Key AI issues and trends: CSIRO

Australia’s national science agency, the Commonwealth Scientific and Industrial Research Organisation (CSIRO), has recorded an unprecedented increase in the uptake of artificial intelligence (AI) technologies among the world’s scientists, as AI’s role in scientific discovery continues to grow.

The CSIRO report, Artificial intelligence for science, confirmed that AI was no longer the domain of computer scientists, and is today a “significant enabling force” across all fields of science. Digital technologies that encompass AI, the research agency added, have accelerated the pace and scale across different CSIRO research fields, ranging from agriculture to energy and manufacturing.

Additionally, the report found that the increasing uptake of AI by scientists was accompanied by a global rise in public and private sector research and development (R&D) investment, with more than 700 AI policy and strategy initiatives developed across 60 international jurisdictions since 2017.

“To make the most of this technology for Australia, there are key issues we will need to tackle. CSIRO has one of the largest teams of digital experts in the country, but these are not issues that can be solved by one organisation alone,” CSIRO chief scientist, professor Bronwyn Fox, said.

The report found that software and hardware upgrades were among the key AI issues and trends, as purpose-built processors designed for machine learning could speed up computations, while quantum computing could lead to transformative leaps in computational power.

Also, the report recognised the demand for better quality data, particularly given the world’s transition into what many recognise as a “big data” era. The CSIRO acknowledged that recent AI breakthroughs were achieved using smaller datasets that were well-curated, fit-for-purpose and provenance-assured.

According to the report, between 2017-2020 the number of university courses teaching AI increased by 103 per cent, highlighting the growing role of education, training and capability uplift.

Of equal importance is the role and prominence of human-centric AI, with AI technology expected to augment rather than replace human scientists. The report stressed issues of trust, transparency and reliability for scientists and reviewers working on AI systems in the future.

On top of that, the CSIRO argued that improving workforce diversity, including improved gender, ethnic and cultural diversity within the AI research workforce, would help to achieve better science outcomes while research organisations would be challenged to develop capabilities, technologies and cultures delivering increasingly ethical AI.

The report, which drew insights from scientific papers published over 60 years to form a picture of how AI was being used across scientific fields, found that while in the 1960s only 14 per cent of the 333 research fields studied were publishing on AI, by 1972 that number reached more than a half.

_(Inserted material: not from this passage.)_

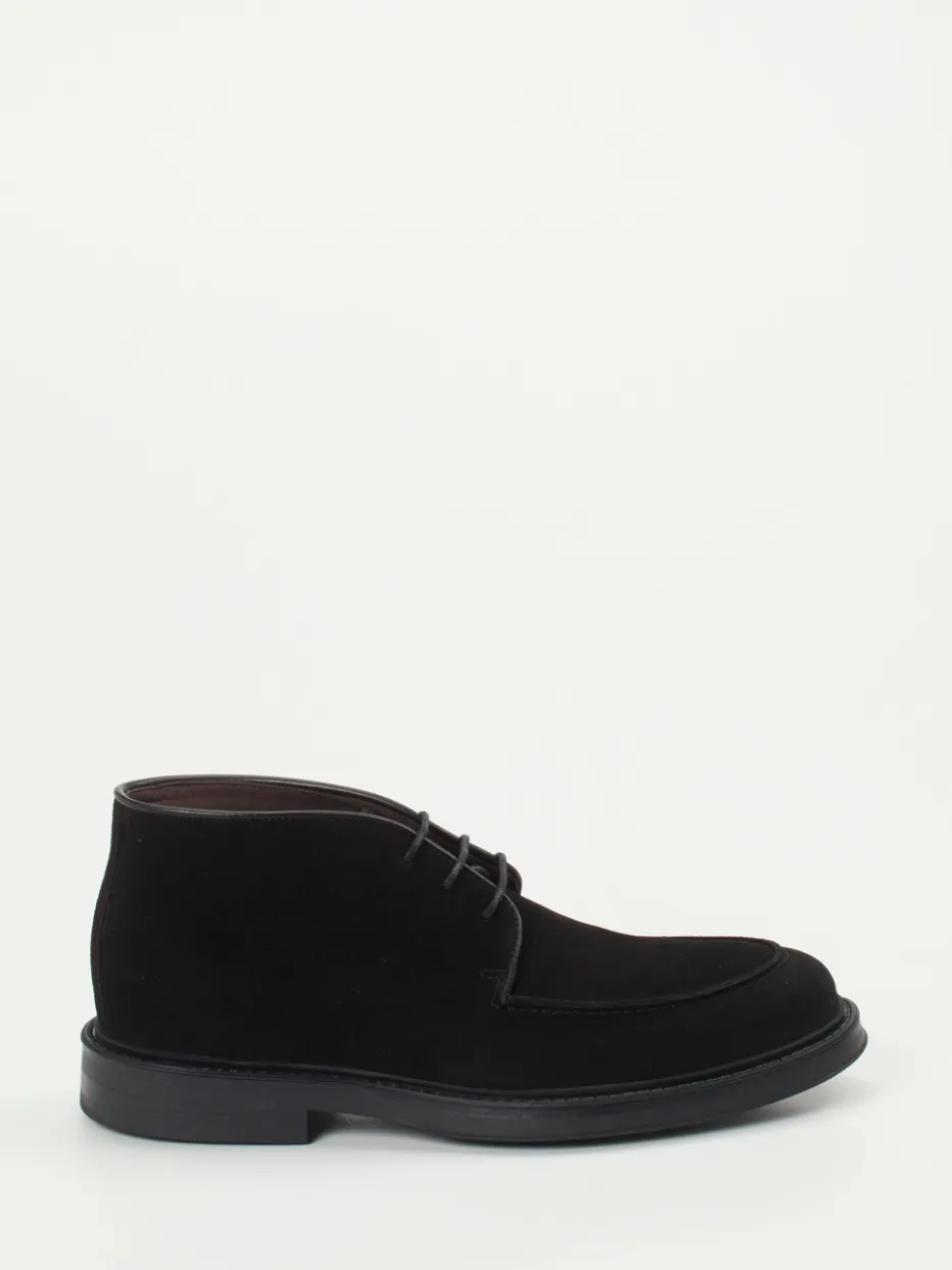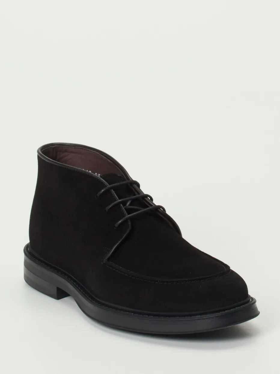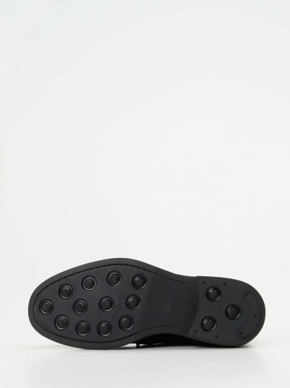 Ob im Büroalltag oder bei urbanen Freizeitmomenten – diese Boots sind durch ihr edles, samtig angeschliffenes Veloursleder nicht nur optisch ein Highlight. Das tiefschwarze Obermaterial, die klassische Passform mit Mokassinnaht sowie die fein profilierte Gummisohle bilden ein stilvolles Gesamtbild, das sich unter anderem am Quiet Luxury Trend orientiert. Ein weiches Kalblederfutter mit gepolstertem Fußbett sorgt für hohen Tragekomfort. Ideal kombinierbar mit Wollhosen oder cleanen Business-Casual-Outfits.
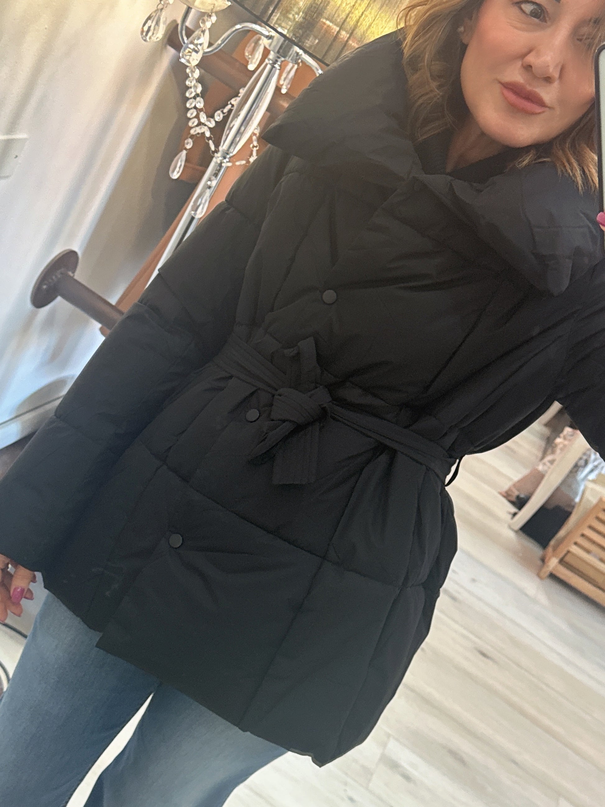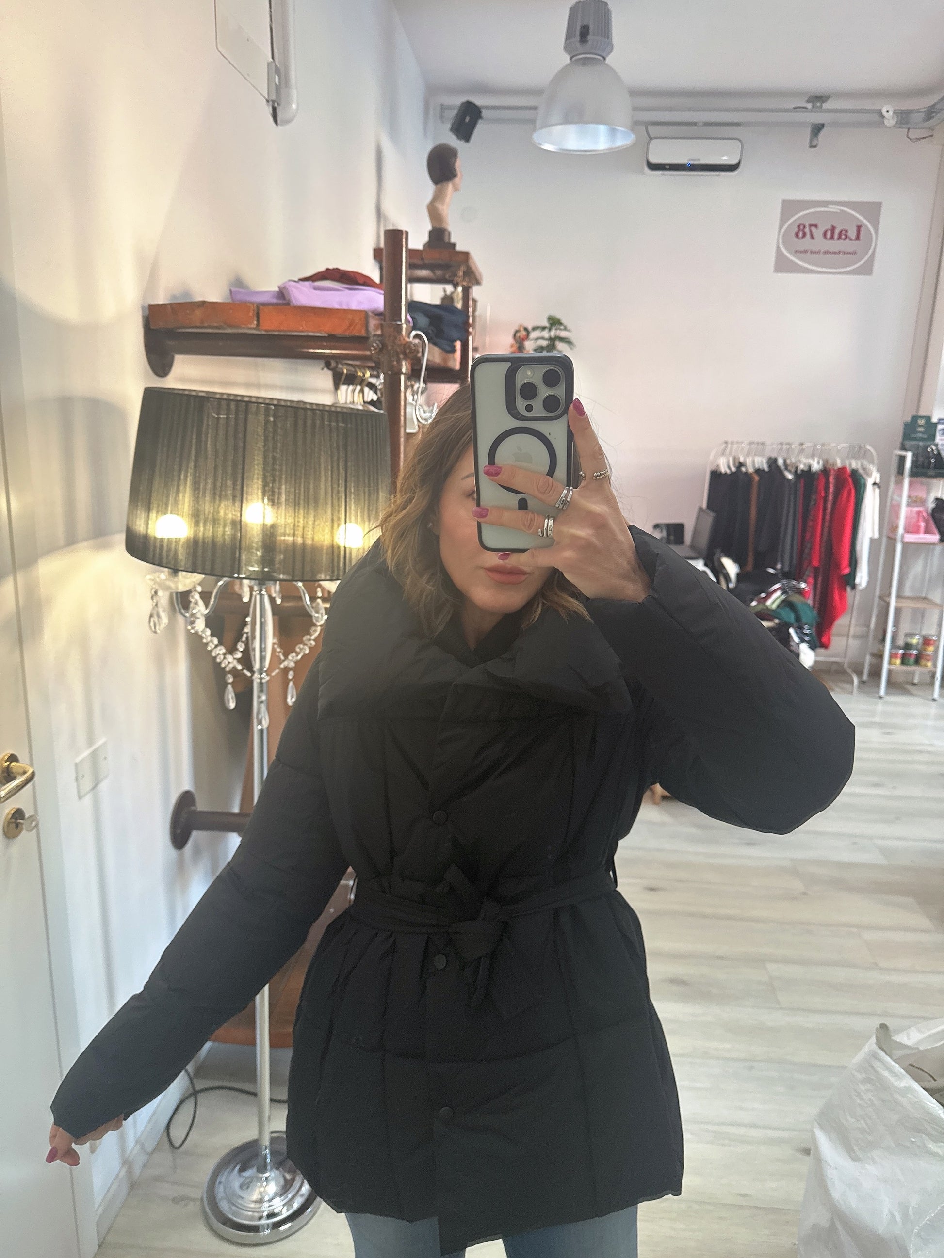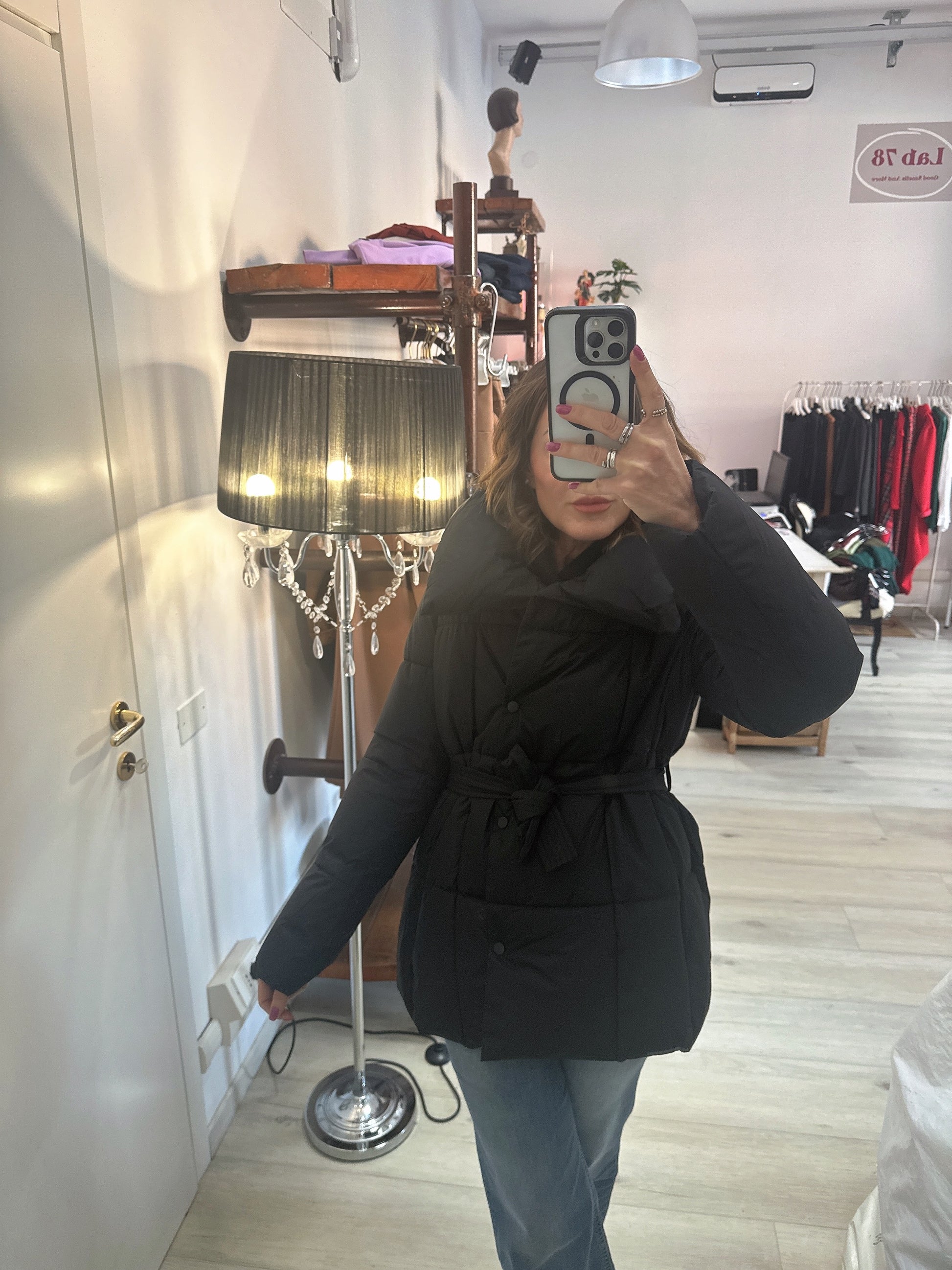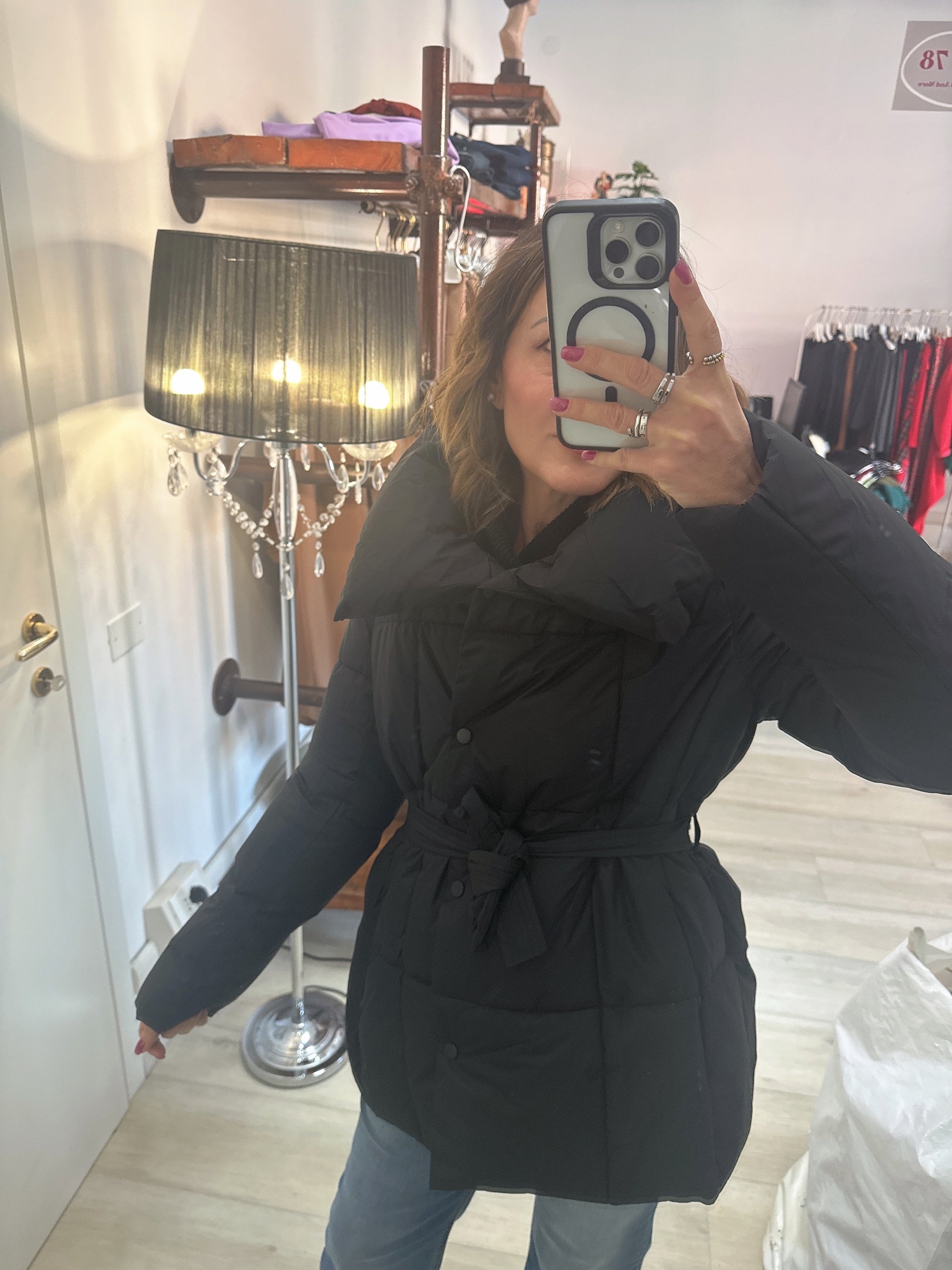 Piumino con chiusura a bottoni doppiopetto e cintura in vita

Today, there is evidence of AI adoption in 98 per cent of fields, with the steepest publishing increases recorded over the past five years.

The CSIRO’s report identified mathematics, decision sciences, engineering, neuroscience and health professions as the most “prolific adopters” of AI.

Fox said that AI also played an important role as it helped to deliver “higher-impact, real-world solutions to Australia’s greatest challenges, like AI to help detect disease, predict bushfires, and manage the enormous amount of data we are gathering about our universe”.

“Human curiosity will always be at the heart of science, but these technologies combined with deep domain understanding are increasingly helping to open up new frontiers for knowledge discovery,” he added.

However, thinking about the future of AI should not focus on the technology itself, according to the report’s lead author Stefan Hajkowicz.

“It’s about what happens when AI is mixed with other fields of science and research. That’s where many of the breakthroughs will happen.”